═════ Given material
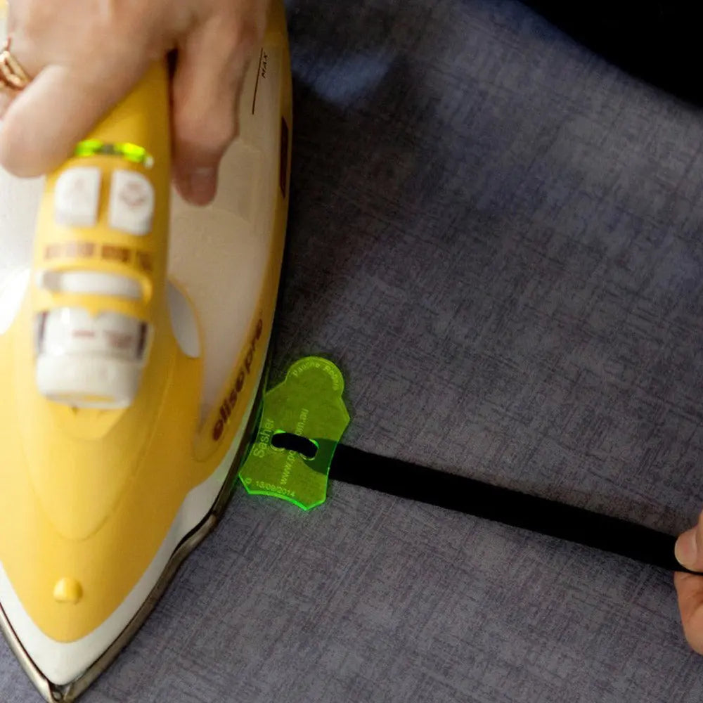 You will notice that the sides of the Sasher have a curved shape. This is so the curved edge of an iron can neatly fit against the Sasher as you push it along; Which means no more burnt fingers! Pauline recommends using the Mini Iron as it fits perfectly in the curve of the Sasher.
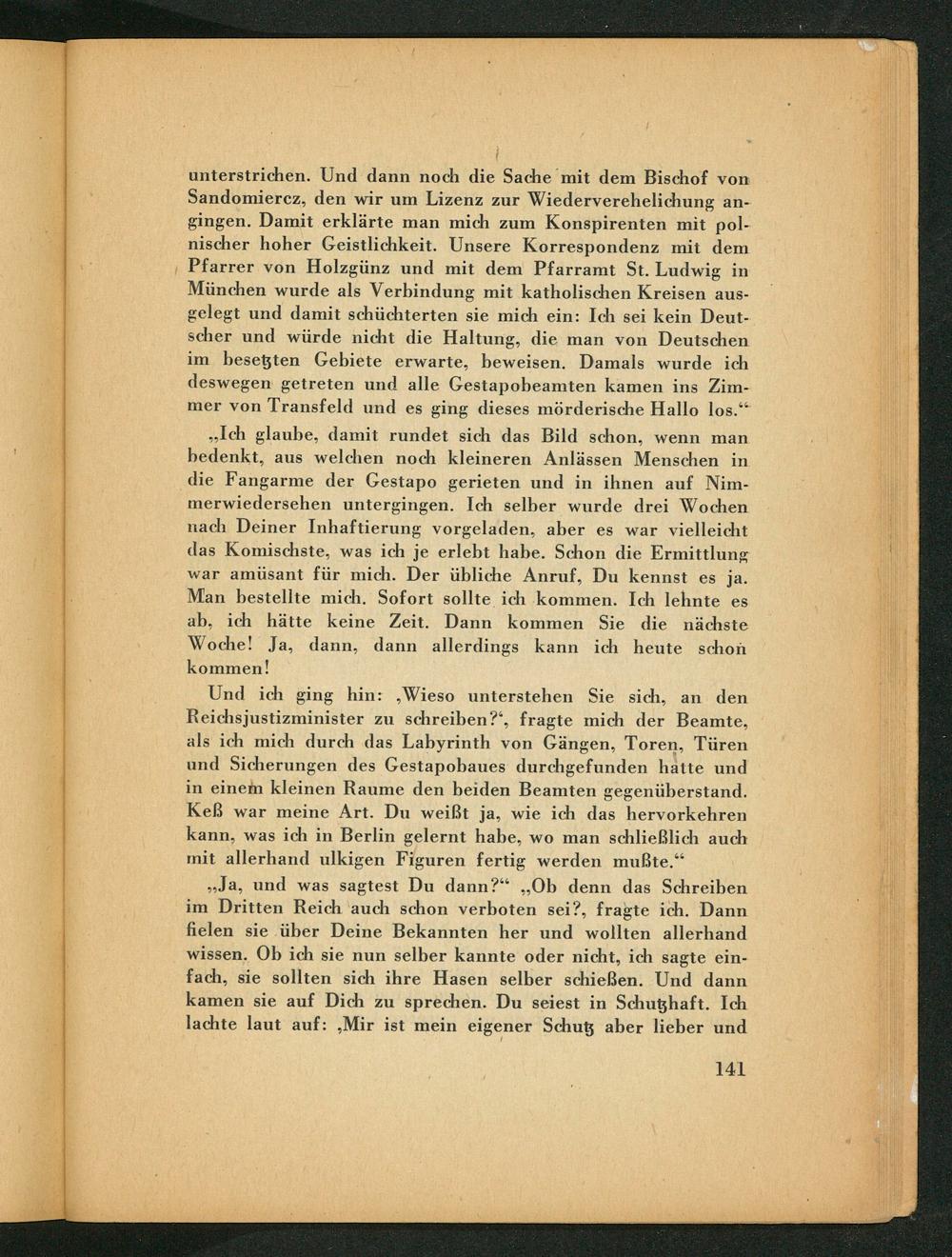 unterstrichen. Und dann noch die Sache mit dem Bischof von Sandomiercz, den wir um Lizenz zur Wiederverehelichung angingen. Damit erklärte man mich zum Konspirenten mit polnischer hoher Geistlichkeit. Unsere Korrespondenz mit dem Pfarrer von Holzgünz und mit dem Pfarramt St. Ludwig in München wurde als Verbindung mit katholischen Kreisen ausgelegt und damit schüchterten sie mich ein: Ich sei kein Deutscher und würde nicht die Haltung, die man von Deutschen im besetzten Gebiete erwarte, beweisen. Damals wurde ich deswegen getreten und alle Gestapobeamten kamen ins Zimmer von Transfeld und es ging dieses mörderische Hallo los."
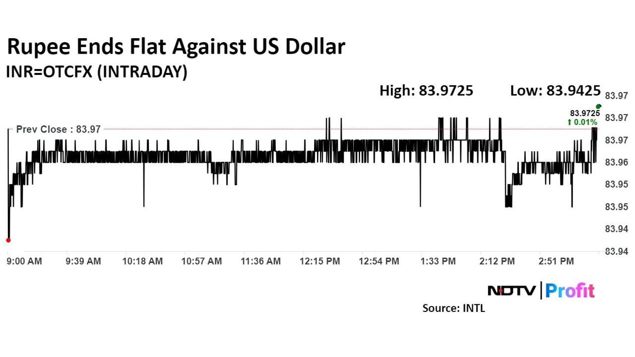 The Indian currency closed flat at Rs 83.97 against the US dollar. It had closed at Rs 83.97 on Thursday, according to Bloomberg data.
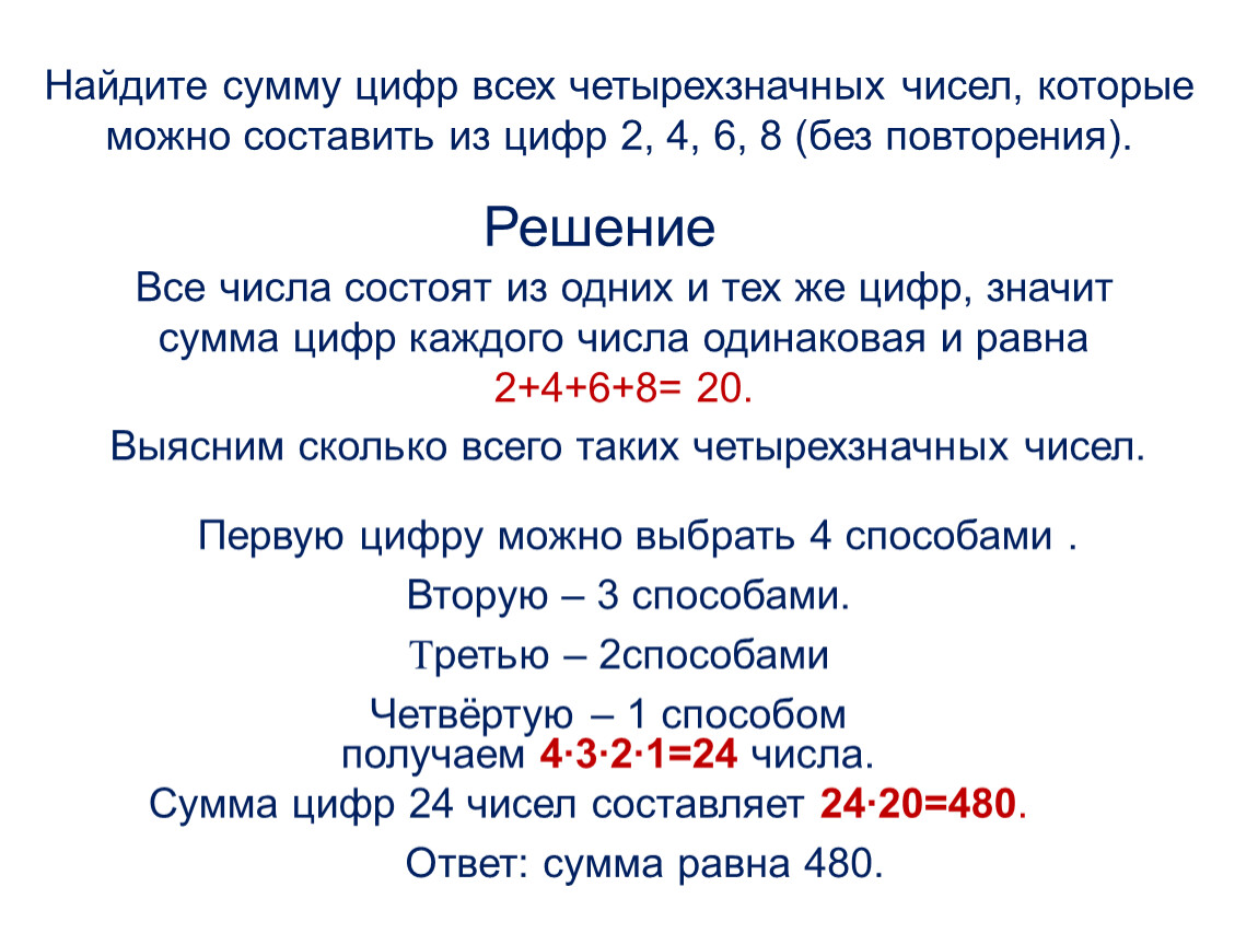 Найдите сумму цифр всех четырехзначных чисел, которые можно составить из цифр 2, 4, 6, 8 (без повторения).
══════════
◆ **Problem description**:
From the line that holds "The Indian currency" to the last line of the data, return those lines exactly and nothing else; both ends count, and pictures stay out.

◆ **Reply**:
 The Indian currency closed flat at Rs 83.97 against the US dollar. It had closed at Rs 83.97 on Thursday, according to Bloomberg data.
 Найдите сумму цифр всех четырехзначных чисел, которые можно составить из цифр 2, 4, 6, 8 (без повторения).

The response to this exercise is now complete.